Can this adhesive bond XPS boards as well as EPS?

Thermo Star is formulated and tested specifically for expanded polystyrene rather than extruded polystyrene. The smooth closed-cell surface of XPS responds best to an adhesive tuned for that substrate, particularly at plinth, DPC, and below-grade zones where damp and bituminous surfaces are common.
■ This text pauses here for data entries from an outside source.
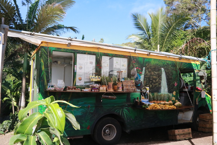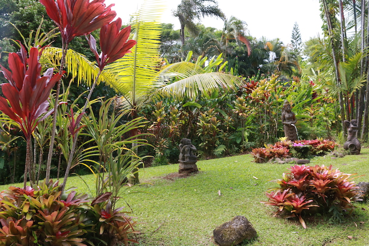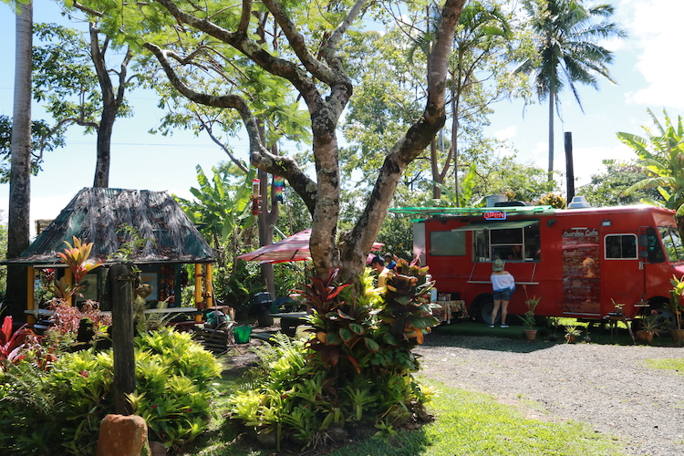Un stop au "Ke'anae Arboretum" (point E sur la carte) mais la visite était vraiment trop chère ... on s'est contenté de l'entrée et d'un petit café au "Coconut Cafe at The Garden of Eden" (un peu cher également).
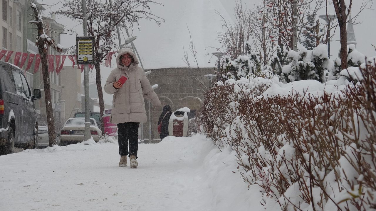 Kar yağışının devam ettiği Erzurum'da iş makinelerine yüklenen tonlarca kar, kent dışına taşınıyor. Kar kalınlığının 25 santimetre olduğu kentte zaman zaman ulaşım sıkıntıları da yaşanıyor. Erzurum'a bu sene karın geç geldiğini söyleyen Sema Coşkun, 'Kar geç geldi ama sağlam geldi. Bence Erzurum deyince beyaz örtüsü geliyor. Bu şekilde sıkı giyinerek soğuktan korunabiliyoruz. Daha fazlası da olabilir' dedi.
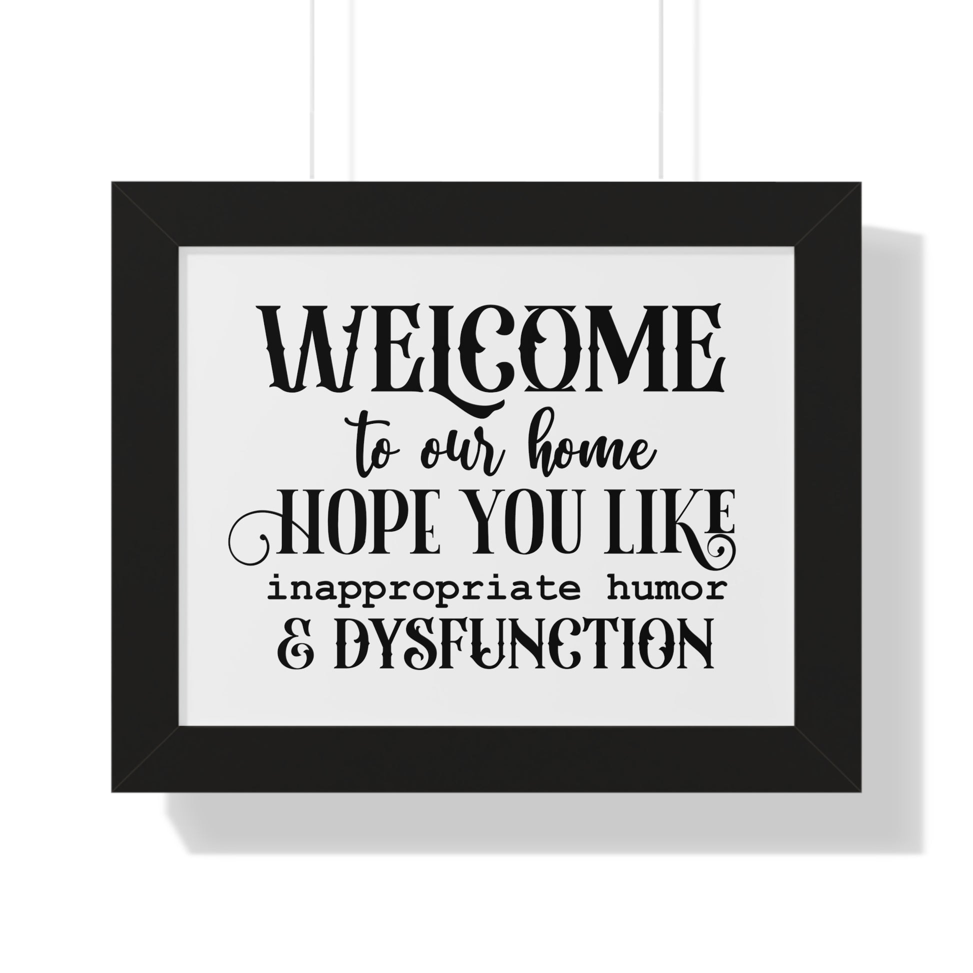 Framed, Welcome to our Home Hope You Like Inappropiate Humor & Dysfunction

For XPS work, use a dedicated XPS-rated polyurethane foam rather than substituting an EPS-tuned product.

What is the shelf life of an unopened canister?

Store canisters cool and dry above +5 °C and below +30 °C, away from direct heat. Like most polyurethane foams, shelf life is typically 12–15 months from production when stored correctly. Check the date marking on the canister base before use, and discard any canister that fails to discharge evenly when triggered, since uneven dispense signals the propellant or polyurethane base has degraded in storage.

When does a cement adhesive still beat Thermo Star foam?

Cement adhesives remain the better choice where substrate undulation exceeds 20 mm and a notched-trowel application can level a surface a foam bead would bridge unevenly. They also win where the bonding and basecoat stages use one 2-in-1 product, or where the lowest absolute cost-per-m² beats the programme-speed advantage of foam. The EPS adhesive selection guide covers the full decision tree across substrates, programmes, and system specifications.